It makes no sense that animal lovers support predation
The Greeks had three different terms for love. One was for brotherly love, another for family and the third for intimate love between a man and woman.In our culture today, the word love is probably the most misused word in the English language. It spans everything from “I love hamburgers” to “I love God.”Webster defines love as “a great liking or fondness,” also “deep affection, devotion or sexual desire.” I guess it boils down to what your definition of is, is.

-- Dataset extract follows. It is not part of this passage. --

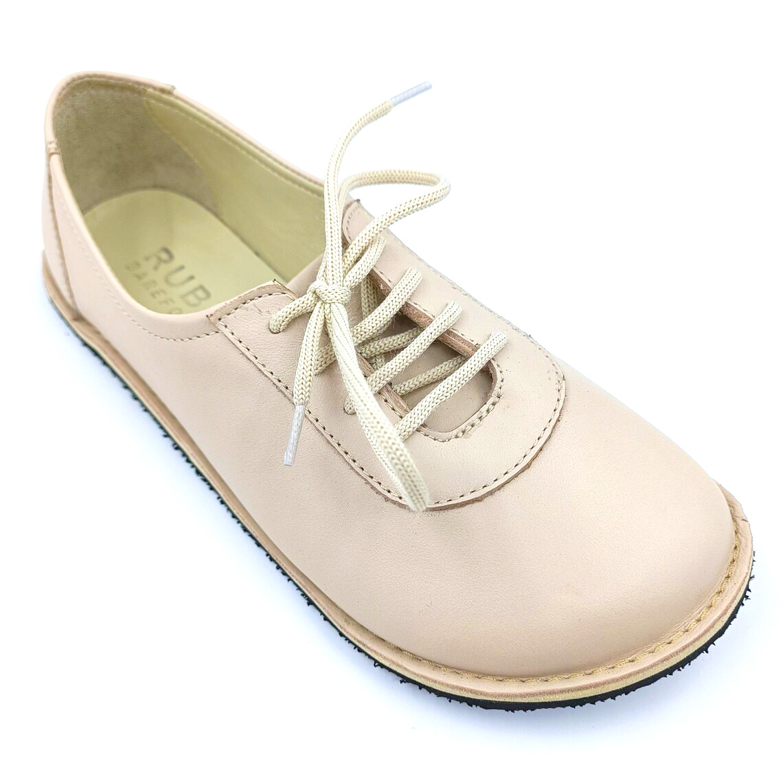 Barefoot Minimalist Women Beige Color Leather Sneakers, Rubber Sole
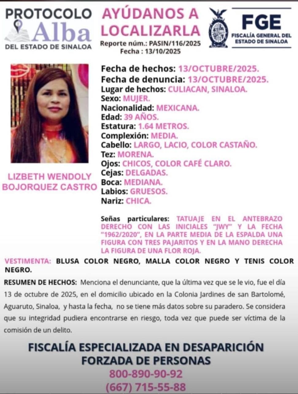 • Activan ficha de búsqueda por mujer privada de la libertad en Aguaruto, Culiacán

What really bothers me is the way the word love is applied to animals. I guess it does follow that people who condone the death of some 50 million babies in the name of “women’s rights” would be in favor of deer and elk population control by wolf predation.The so-called animal lovers seem to have a special affinity for predators. A mountain lion’s understanding of “love” falls in the category of “a great liking or fondness” for warm flesh, from house cat and dog to human children.Coyotes are carnivores that are virtually nondiscriminating. I heard the cries of a deer one winter night and discovered these “precious carnivores” ripping the intestines out of a still-living doe deer.Coyotes are great killers, but wolves are better. I guess you could call the way wolves and coyotes operate to control elk and deer populations as teamwork.Maybe we need to introduce the Cripps and Bloods or some other gangs into our cities as a means of human population control.Years ago, some 300 head of mule deer would drift into my fields at sundown. Now we get excited to see four or five, and really excited to see an older buck with a nice set of antlers. More coyotes, less fawns – it’s just that simple.I’m a proud hunter, and I believe that a good clean shot is much more merciful than a slow death by coyotes. Also, I don’t shoot fawns and rarely a doe.

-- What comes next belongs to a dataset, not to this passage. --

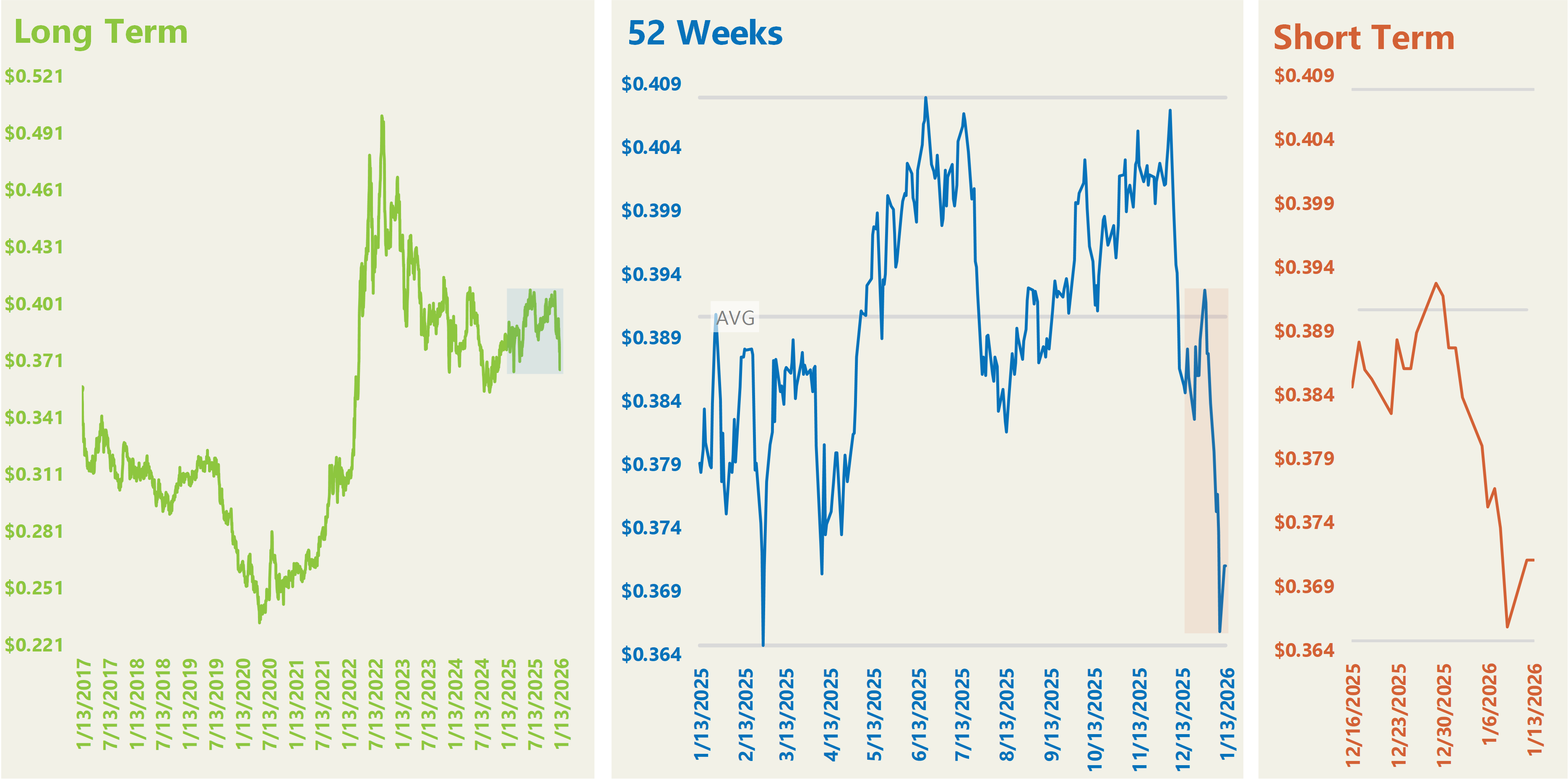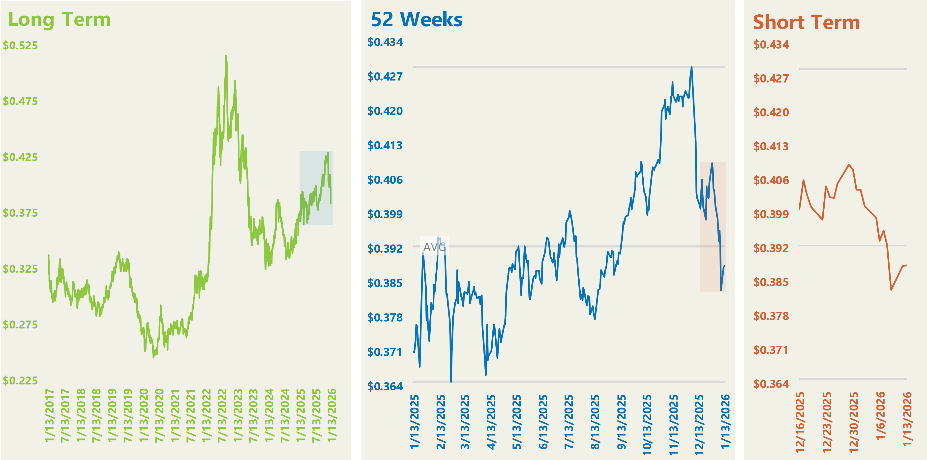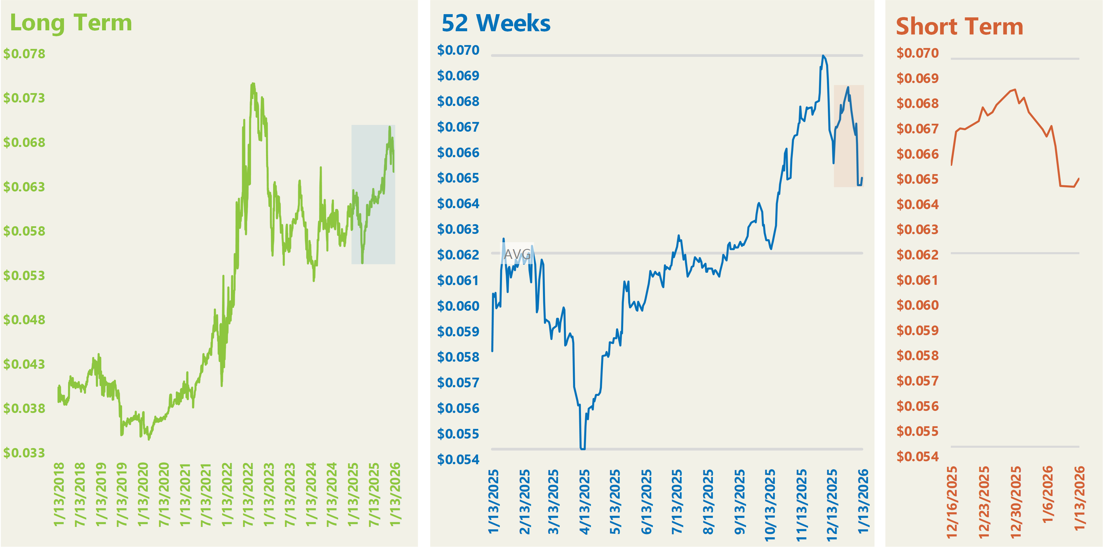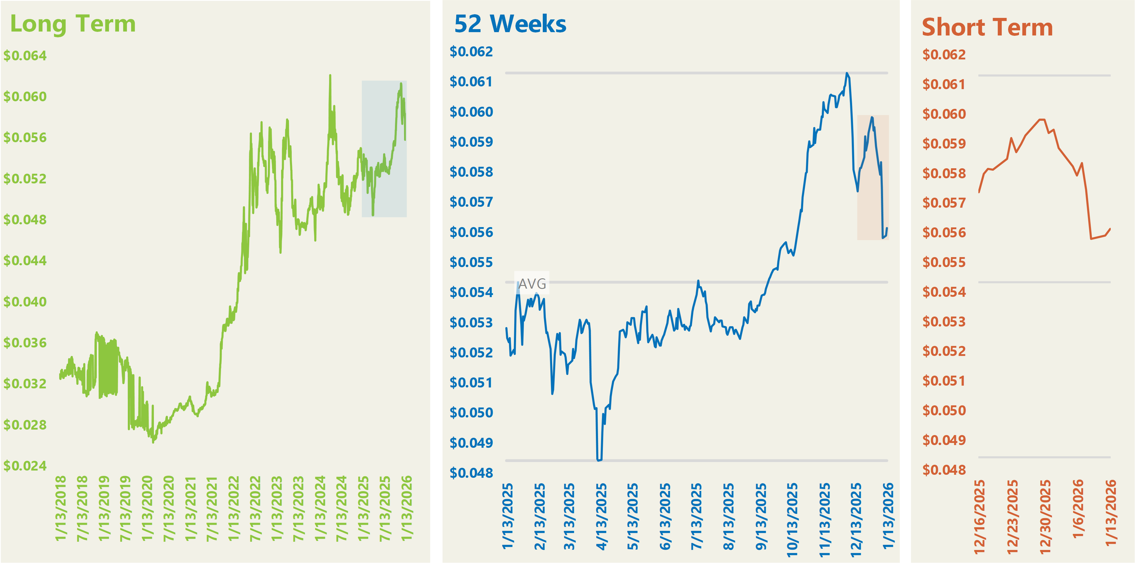 Henry Hub Wholesale Calendar Year 2026 Week to Week Fluctuation ($/Therm)

Can you imagine the outrage if slaughterhouses killed livestock by running them down, hamstringing them and gutting the still-living animals?I must admit cougars are much more efficient killers. Their prey does not suffer very long.The old myth that cougars strengthen the herds by killing the sick is just that, a myth. Cougars are so good they kill anything they want. A wildlife official once told me an adult cougar will kill approximately a deer per week. That is about 50 deer per year per mountain lion.Well, it is not just the “lions and tigers and bears, oh my.” I remember when the frogs sang all night by the creek and the salamanders stirred the water in the ponds. Then they introduced the raccoons in this area, and now I haven’t seen a frog all summer.A couple of DOW researchers showed up at a friend’s ranch to investigate what the ranchers were doing that was killing off the frogs. Well, guess what? The ranchers introduced them to the eating habits of raccoons and to where responsibilities for the frog’s demise really lie.Government agencies often create problems and then blame citizens. For instance, there are probably 30 to 50 bears feeding at the South Canyon dump. They teach them to live off garbage and then give us what for if our garbage cans are not bear-proof. Hike in after hours to check it out and you will be arrested for trespassing.

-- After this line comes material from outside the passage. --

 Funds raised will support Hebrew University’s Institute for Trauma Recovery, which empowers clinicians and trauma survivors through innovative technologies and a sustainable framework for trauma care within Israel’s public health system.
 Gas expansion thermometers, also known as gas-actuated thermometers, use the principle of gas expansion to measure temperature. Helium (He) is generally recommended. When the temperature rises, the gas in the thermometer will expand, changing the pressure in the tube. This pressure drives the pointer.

The love of predatory animals strikes very close to home. The common house cat is the No. 1 predator in the United States, and yet people just “love” their cats. Maybe many people’s affection for predators is an extension of their own personality.Getting wolf packs to control elk herds may seem logical, but elk are not the only meat on their plate. Cougars may be beautiful and awesome, but they are definitely not vegans.When my kids were growing up on the ranch, they freely ran the creek bottoms and surrounding hills. The worst animal hazard was getting squirted by a skunk. New Castle population back then was about 650, and this area was much wilder.Now we worry about predators both human and animal.I hereby protest the pious promoters for population control by predation.Ross L. Talbott lives in New Castle.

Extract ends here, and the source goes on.